Ten overvloede overweegt het hof dat ook het verweer van huurder, dat het beroep van de gemeente op artikel 224 lid 1 Rv naar maatstaven van redelijkheid en billijkheid onaanvaardbaar moet worden geacht, slaagt. Het is juist door toedoen van de gemeente dat huurder zijn woonplaats verloren heeft. Dat is immers het gevolg van de executie van het vonnis waarbij de vordering van de gemeente tot ontruiming van het gehuurde is toegewezen.
7.9.
Uit het voorgaande volgt dat de vordering van de gemeente zal worden afgewezen.
7.10.
Het hof zal de gemeente als de in het ongelijk gestelde partij veroordelen in de
kosten van het incident.
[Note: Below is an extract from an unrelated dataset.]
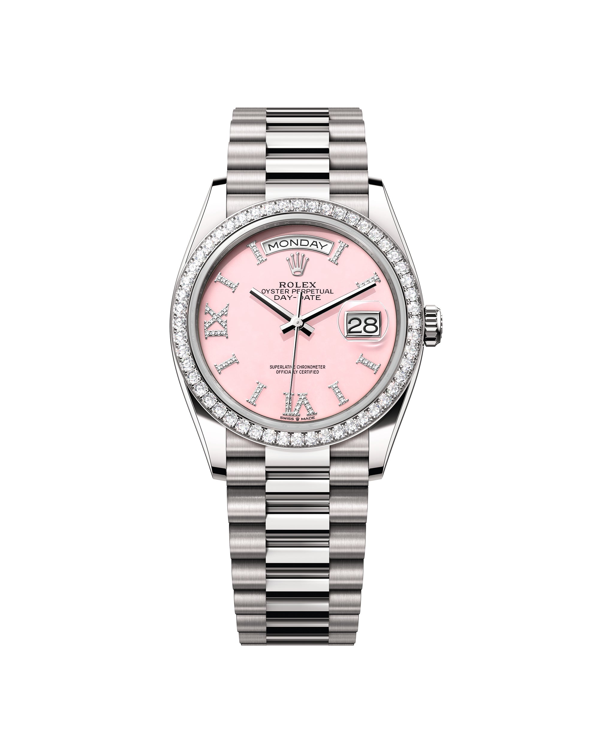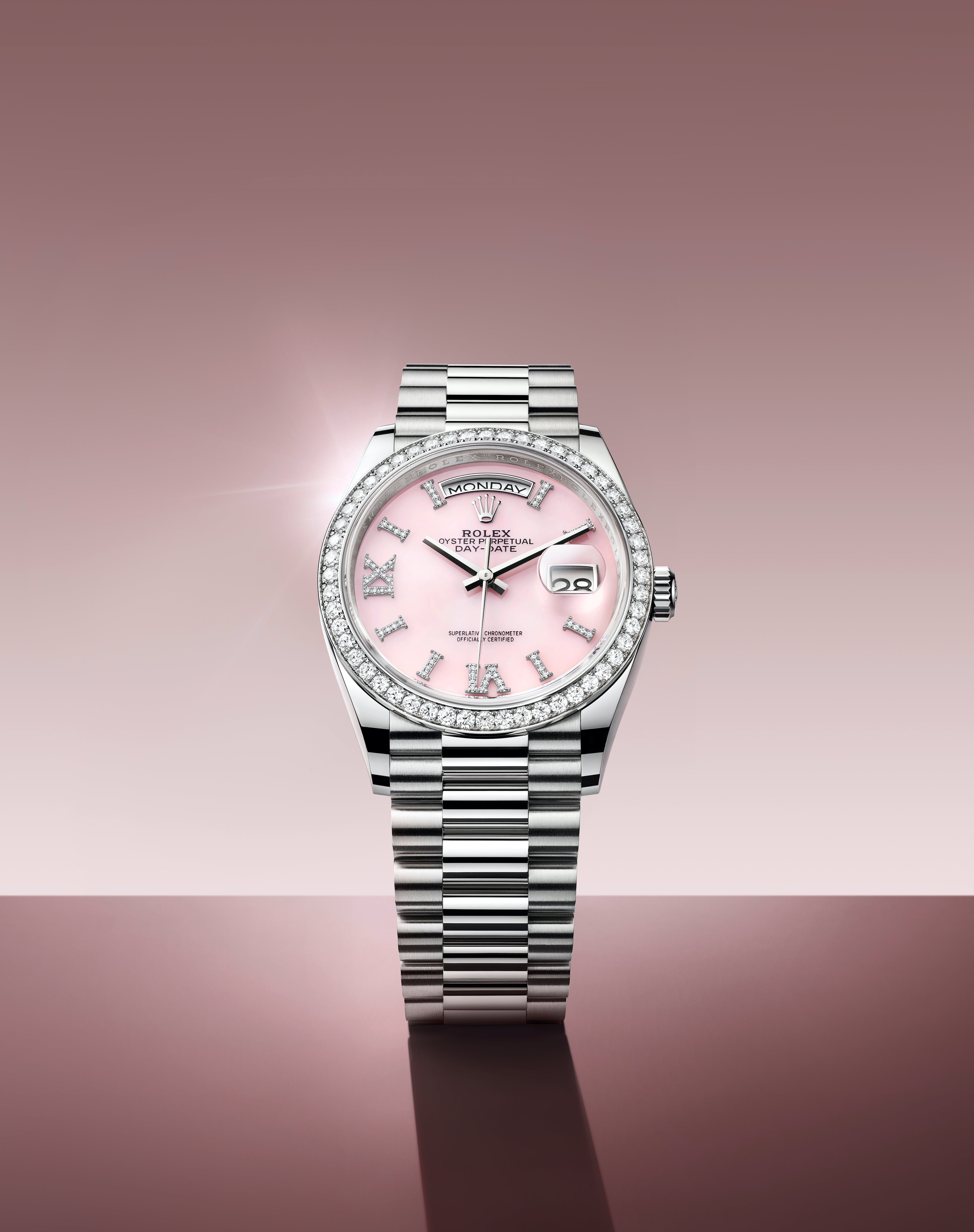 At its launch in 1956, the Day-Date was a major innovation: it was the first calendar wristwatch to indicate, in addition to the date, the day of the week spelt out in full in a window on the dial – a technical feat at the time. The Day-Date has only ever been made from precious metals –18 ct yellow, white or Everose gold, or 950 platinum. Worn by many of the world’s political figures, directors and visionaries, the Day-Date is instantly recognizable, in particular thanks to its emblematic President bracelet, whose evocative name, together with the eminent figures who have worn it, ensured the Day-Date became known as the ‘presidents’ watch’.

De kosten van het incident aan de zijde van huurder zullen worden vastgesteld op € 894,- (1 punt x € 894,-) voor salaris advocaat overeenkomstig het liquidatietarief.
In de hoofdzaak
7.11.
De gemeente heeft gevraagd arrest te wijzen. Iedere verdere beslissing zal worden aangehouden.
8. De uitspraak
Het hof:
in het incident:
wijst de vordering af;
veroordeelt de gemeente in de proceskosten van het incident, welke kosten aan de zijde van huurder tot de dag van deze uitspraak worden begroot op € 894,- aan salaris advocaat;
verklaart deze proceskostenveroordeling uitvoerbaar bij voorraad;
in de hoofdzaak:
verwijst de zaak naar de rol van 25 juni 2013 voor arrest;
houdt iedere verdere beslissing aan.
Dit arrest is gewezen door mrs. B.A. Meulenbroek, M.G.W.M. Stienissen en M. van Ham en in het openbaar uitgesproken door de rolraadsheer op 2 april 2013.